However, one must be cautious: maximizing the minimum could, if done naively, cause a degenerate solution where the model basically tailors itself only to that worst-off group and ignores others. That’s why often these approaches still consider a balance (and Rawls did allow that the difference principle operates under the constraint that others are not made worse than they need to be; it’s about improving the least advantaged as much as possible without making others worse off than is necessary). In an algorithmic sense, we might implement it as lexicographic: first ensure the worst-off’s outcome is maximized, then within that, maximize something else. Or simply optimize a weighted sum where the weight on the worst-off group is very high.
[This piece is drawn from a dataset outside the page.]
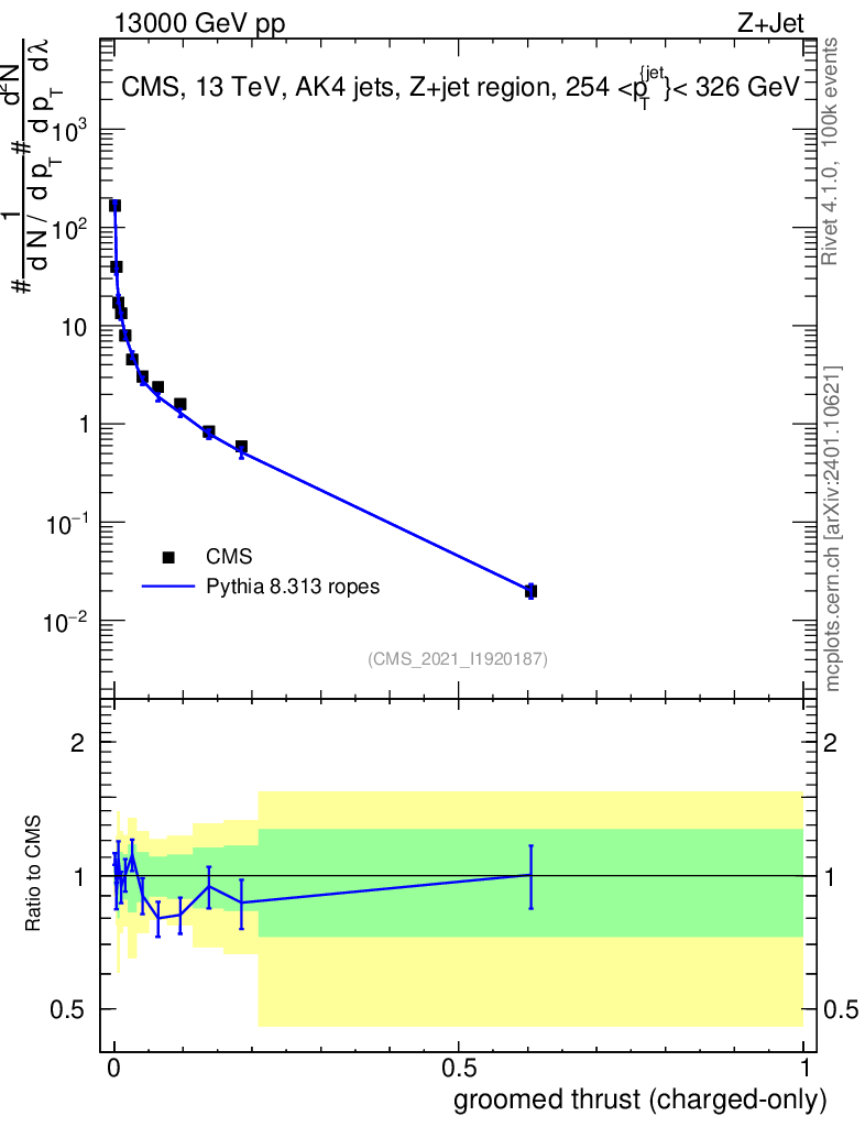 Lines: data, pythia8 8.313 ropes |
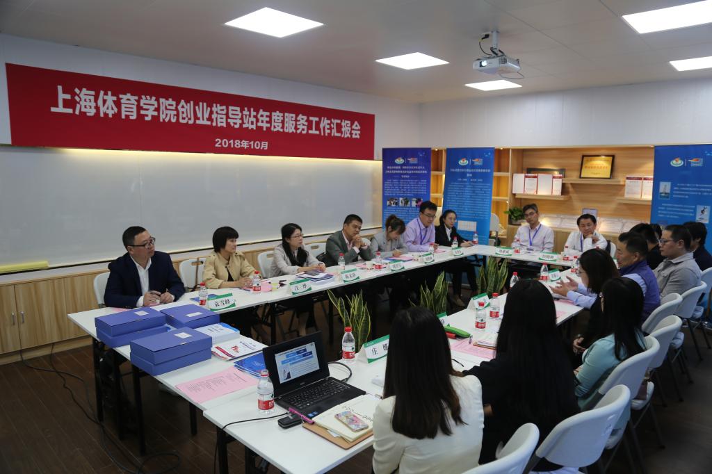 本网讯 10月18日下午,上海体育学院创业指导站年度服务评估考察汇报会在我校顺利召开。上海高校创业指导站评估组一行10位专家对我校建设的创业指导站情况进行了考察与评估。团委书记、学工部副部长梅朵,经济管理学院总支副书记、上海市职业生涯授渔工作室负责人熊静,上海体育国家大学科技园总经理张忠,创新创业指导中心主任陈伟,就业指导中心副主任庄娜,上海体育国家大学科技园办公室主任李海森,创业导师工作室黃聚云,辅导员创新创业团队负责人徐振以及创新创业辅导员工作团队等相关负责人出席会议,并向工作组汇报了创业指导站的建设情况。

An example in content distribution might be: say an algorithm recommends educational opportunities. Rawlsian design might ensure that the kids in the lowest-performing schools get recommendations that boost their learning resources even if that means the kids in top schools get slightly less optimized suggestions—because the latter are already well-off educationally. So long as we don’t violate anyone’s rights or completely neglect the others, focusing on the bottom can be justified.
Critics of difference principle in AI might argue that it could lead to “biasing” the algorithm in favor of certain groups. For instance, some would call it unfair if a credit scoring AI was tuned to give disadvantaged minorities relatively better scores than their data alone would indicate, effectively redistributing credit. In law, this touches on debates about disparate impact and whether remediation is allowed. But Rawls provides a strong ethical counter: if that redistribution is the only way to ensure the financial system benefits those who have least, then it is justified—provided, of course, that no one’s fundamental rights are infringed (i.e., you’re not denying credit to others for arbitrary reasons, you’re just possibly accepting a tiny bit more default risk as a trade-off to extend opportunity).
To ground this in legal terms, affirmative action has always been controversial but Rawls’s theory supports it under conditions. In algorithms, an analog might be “affirmative algorithms” that actively seek to uplift marginalized group outcomes. Indeed, the concept of algorithmic affirmative action has been discussed[50]. It might involve adding a constant boost for minority group predictions (some classifiers do that in thresholding), or oversampling those groups in training, or using group-specific models that are more finely tuned. These interventions can achieve something like the difference principle in effect.
We should also mention that Rawls’s difference principle is not simply making everyone equal. It allows inequality, but demands those at the bottom do as well as possible. For AI, this means we don’t necessarily have to force equal performance if it’s not possible or if doing so worsens the bottom line. For instance, consider an AI that allocates organ transplants. If we purely equalize some metric, we might do things like randomize regardless of need or outcome, which could reduce the total saved lives and possibly even hurt the worst-off (if they needed more resources or special consideration). A Rawlsian approach would instead ensure that policies are in place that those who are worst off (perhaps the sickest patients or those from poorer backgrounds) are benefiting as much as possible—perhaps via some priority scheme—while still maintaining efficiency. It’s a nuanced balance of equity and effectiveness.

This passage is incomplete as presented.